(Directions for this task): The data below is to be transcribed word for word; pictures are to be excluded.

*** Opening Supplied material ***

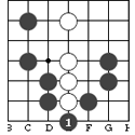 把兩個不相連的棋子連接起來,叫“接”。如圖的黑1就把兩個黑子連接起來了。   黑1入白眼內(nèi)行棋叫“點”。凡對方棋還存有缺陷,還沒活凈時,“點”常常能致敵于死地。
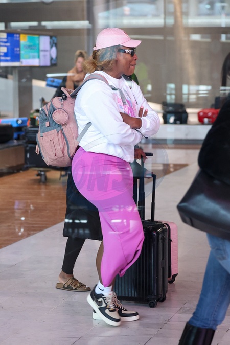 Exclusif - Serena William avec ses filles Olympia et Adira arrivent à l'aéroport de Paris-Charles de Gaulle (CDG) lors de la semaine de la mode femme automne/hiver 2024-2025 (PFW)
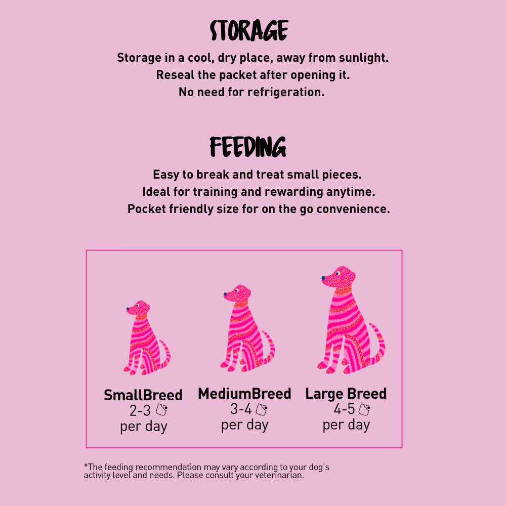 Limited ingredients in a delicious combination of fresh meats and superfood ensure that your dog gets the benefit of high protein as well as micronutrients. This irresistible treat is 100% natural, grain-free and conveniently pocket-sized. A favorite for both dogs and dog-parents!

*** Closing Supplied material ***

(Exercise result):
 把兩個不相連的棋子連接起來,叫“接”。如圖的黑1就把兩個黑子連接起來了。   黑1入白眼內(nèi)行棋叫“點”。凡對方棋還存有缺陷,還沒活凈時,“點”常常能致敵于死地。
 Exclusif - Serena William avec ses filles Olympia et Adira arrivent à l'aéroport de Paris-Charles de Gaulle (CDG) lors de la semaine de la mode femme automne/hiver 2024-2025 (PFW)
 Limited ingredients in a delicious combination of fresh meats and superfood ensure that your dog gets the benefit of high protein as well as micronutrients. This irresistible treat is 100% natural, grain-free and conveniently pocket-sized. A favorite for both dogs and dog-parents!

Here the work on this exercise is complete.